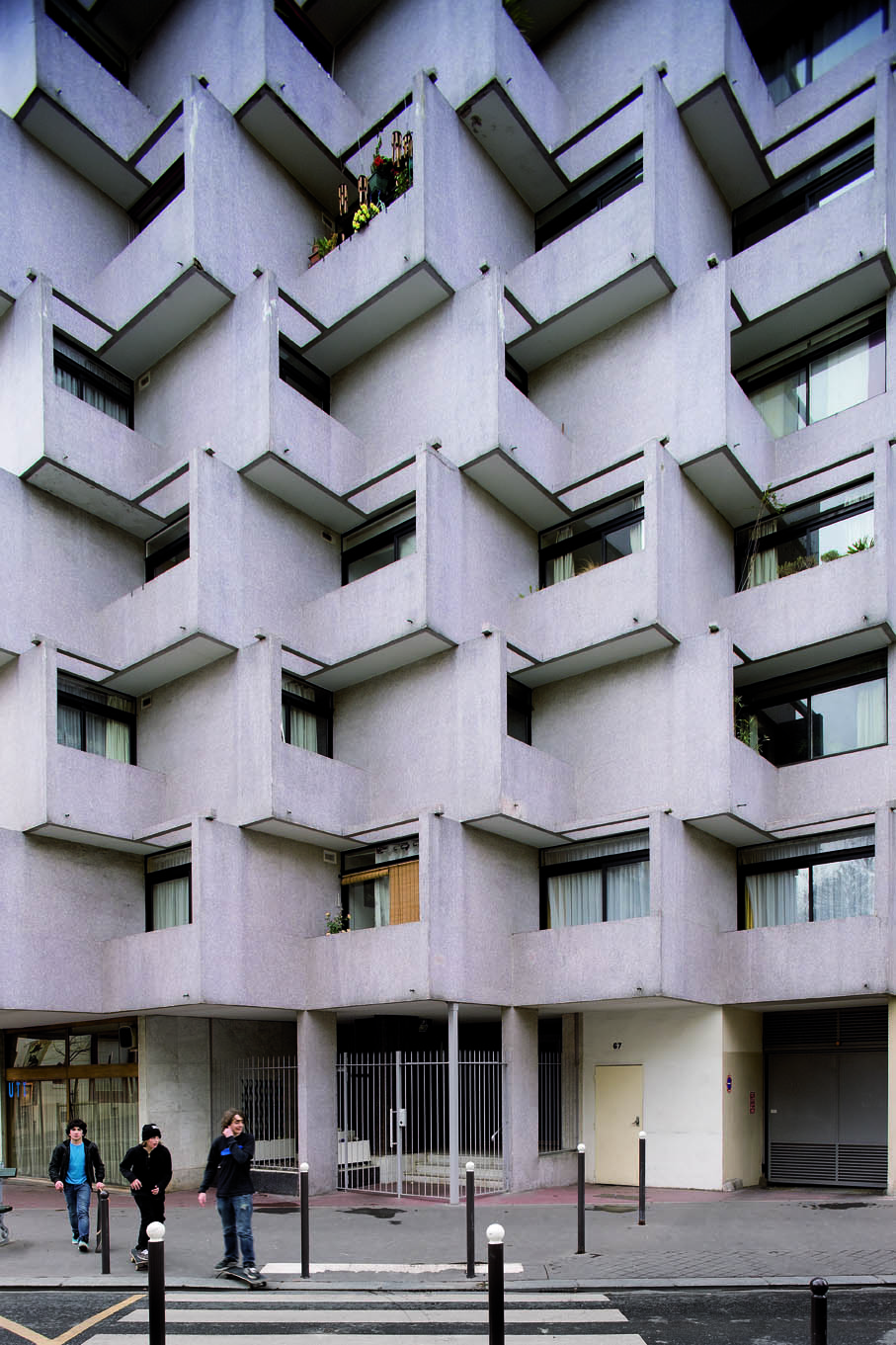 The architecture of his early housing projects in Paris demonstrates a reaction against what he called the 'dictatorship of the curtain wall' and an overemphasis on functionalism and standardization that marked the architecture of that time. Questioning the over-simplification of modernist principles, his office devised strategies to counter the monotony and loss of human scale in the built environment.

——

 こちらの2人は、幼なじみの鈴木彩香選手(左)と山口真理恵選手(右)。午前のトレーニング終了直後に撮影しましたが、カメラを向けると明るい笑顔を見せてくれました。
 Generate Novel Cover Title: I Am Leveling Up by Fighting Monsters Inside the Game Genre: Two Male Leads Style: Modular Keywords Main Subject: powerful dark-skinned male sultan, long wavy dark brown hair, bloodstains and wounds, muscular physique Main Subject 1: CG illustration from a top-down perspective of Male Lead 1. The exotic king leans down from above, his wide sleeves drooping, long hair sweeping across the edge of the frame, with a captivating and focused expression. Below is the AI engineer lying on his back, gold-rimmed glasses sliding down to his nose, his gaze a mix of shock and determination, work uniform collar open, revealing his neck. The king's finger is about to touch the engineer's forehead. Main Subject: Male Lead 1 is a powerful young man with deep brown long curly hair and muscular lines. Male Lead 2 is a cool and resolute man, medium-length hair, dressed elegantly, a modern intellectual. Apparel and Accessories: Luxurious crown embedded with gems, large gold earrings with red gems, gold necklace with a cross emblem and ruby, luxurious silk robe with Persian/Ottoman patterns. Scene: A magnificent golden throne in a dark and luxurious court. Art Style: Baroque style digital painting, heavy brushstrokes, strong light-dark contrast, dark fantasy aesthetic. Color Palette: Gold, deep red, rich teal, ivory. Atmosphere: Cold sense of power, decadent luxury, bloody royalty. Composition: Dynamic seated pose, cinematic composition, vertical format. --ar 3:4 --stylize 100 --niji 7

——

### Work to complete
Look above for the line with "こちらの2人は、幼なじみの鈴" and the line with "Generate Novel Cover". Write out those two lines and all the lines between them, exactly, and no others.

### Result of this task
 こちらの2人は、幼なじみの鈴木彩香選手(左)と山口真理恵選手(右)。午前のトレーニング終了直後に撮影しましたが、カメラを向けると明るい笑顔を見せてくれました。
 Generate Novel Cover Title: I Am Leveling Up by Fighting Monsters Inside the Game Genre: Two Male Leads Style: Modular Keywords Main Subject: powerful dark-skinned male sultan, long wavy dark brown hair, bloodstains and wounds, muscular physique Main Subject 1: CG illustration from a top-down perspective of Male Lead 1. The exotic king leans down from above, his wide sleeves drooping, long hair sweeping across the edge of the frame, with a captivating and focused expression. Below is the AI engineer lying on his back, gold-rimmed glasses sliding down to his nose, his gaze a mix of shock and determination, work uniform collar open, revealing his neck. The king's finger is about to touch the engineer's forehead. Main Subject: Male Lead 1 is a powerful young man with deep brown long curly hair and muscular lines. Male Lead 2 is a cool and resolute man, medium-length hair, dressed elegantly, a modern intellectual. Apparel and Accessories: Luxurious crown embedded with gems, large gold earrings with red gems, gold necklace with a cross emblem and ruby, luxurious silk robe with Persian/Ottoman patterns. Scene: A magnificent golden throne in a dark and luxurious court. Art Style: Baroque style digital painting, heavy brushstrokes, strong light-dark contrast, dark fantasy aesthetic. Color Palette: Gold, deep red, rich teal, ivory. Atmosphere: Cold sense of power, decadent luxury, bloody royalty. Composition: Dynamic seated pose, cinematic composition, vertical format. --ar 3:4 --stylize 100 --niji 7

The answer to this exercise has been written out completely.